Minimum Error Entropy Classification by Joaquim P. Marques de Sá, Luís M.A. Silva, Jorge M.F.

This publication explains the minimal mistakes entropy (MEE) thought utilized to info class machines. Theoretical effects at the internal workings of the MEE inspiration, in its software to fixing quite a few category difficulties, are offered within the wider realm of threat functionals.

Researchers and practitioners additionally locate within the e-book a close presentation of useful info classifiers utilizing MEE. those comprise multi‐layer perceptrons, recurrent neural networks, complexvalued neural networks, modular neural networks, and selection bushes. A clustering set of rules utilizing a MEE‐like suggestion can be awarded. Examples, assessments, overview experiments and comparability with related machines utilizing vintage methods, supplement the descriptions.

Xn ) from some continuous distribution with density f (x), its estimate can be obtained in an efficient way by the Parzen window method (see Appendix E), which produces the estimate 1 fˆ(x) ≡ fˆn (x) = n n j=1 1 K h x − xj h = 1 n n Kh (x − xj ) . 2) j=1 This estimate is also known as kernel density estimate (KDE). Properties and optimal choice of the bandwidth h for a kernel function K are discussed in Appendix E, √ where the justification to use the Gaussian kernel Gh (x) = exp(−x2 /2h2 )/( 2πh) is also provided.
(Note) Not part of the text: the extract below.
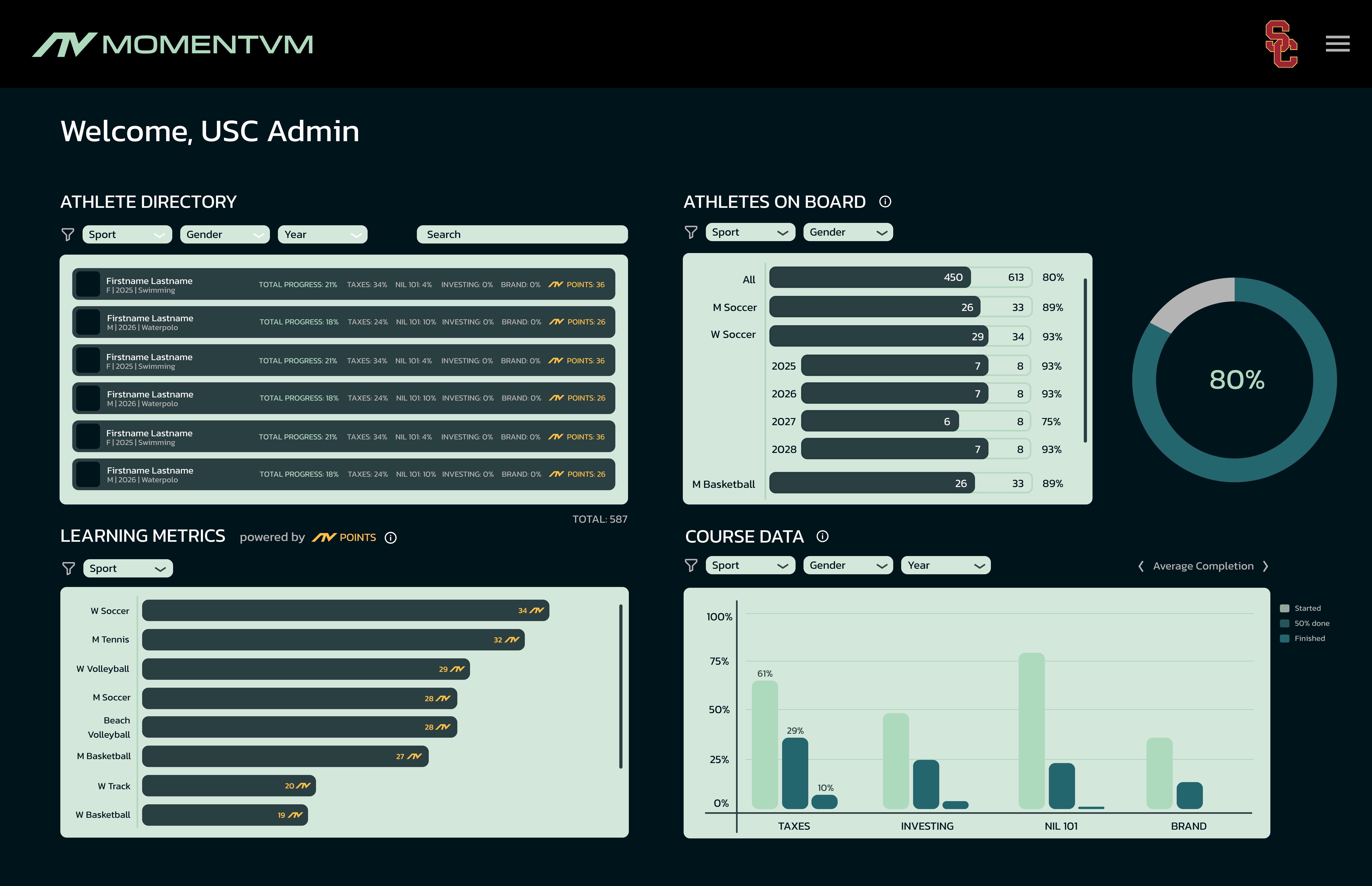 In a rapidly changing NIL (Name, Image, and Likeness) environment, our goal was to create a centralized resource for modular courses on financial literacy, taxes, and NIL regulations. The platform was designed to integrate directly with university athletic departments, allowing them to track athlete progress and manage their database more easily.

5 0 1 Fig. 9 Contours of equal-LM SE for ω0 instances. Darker tones correspond to smaller values. , to the min Pe issue? The answer to this question is not easy even when we restrict the classes of (X, T ) distributions and the classifier families under consideration. On one hand, none of the previously discussed risk functionals provides, in general, the min Pe solution (although they can achieve that in particular cases); on the other hand, there is no theoretical evidence precluding the existence of a risk functional that would always provide the min Pe solution.

In general practice, however, this radiant scenario is far from being met for the following main reasons: 1. The classifier must be able to provide a good approximation of the conditional expectations E[Tk |x]. , more hidden neurons in the case of MLPs) than is adequate for a good generalization of its performance. ˆ MSE . This 2. The training algorithm must be able to reach the minimum of R is a thorny issue, since one will never know whether the training process converged to a global minimum or to a local minimum instead.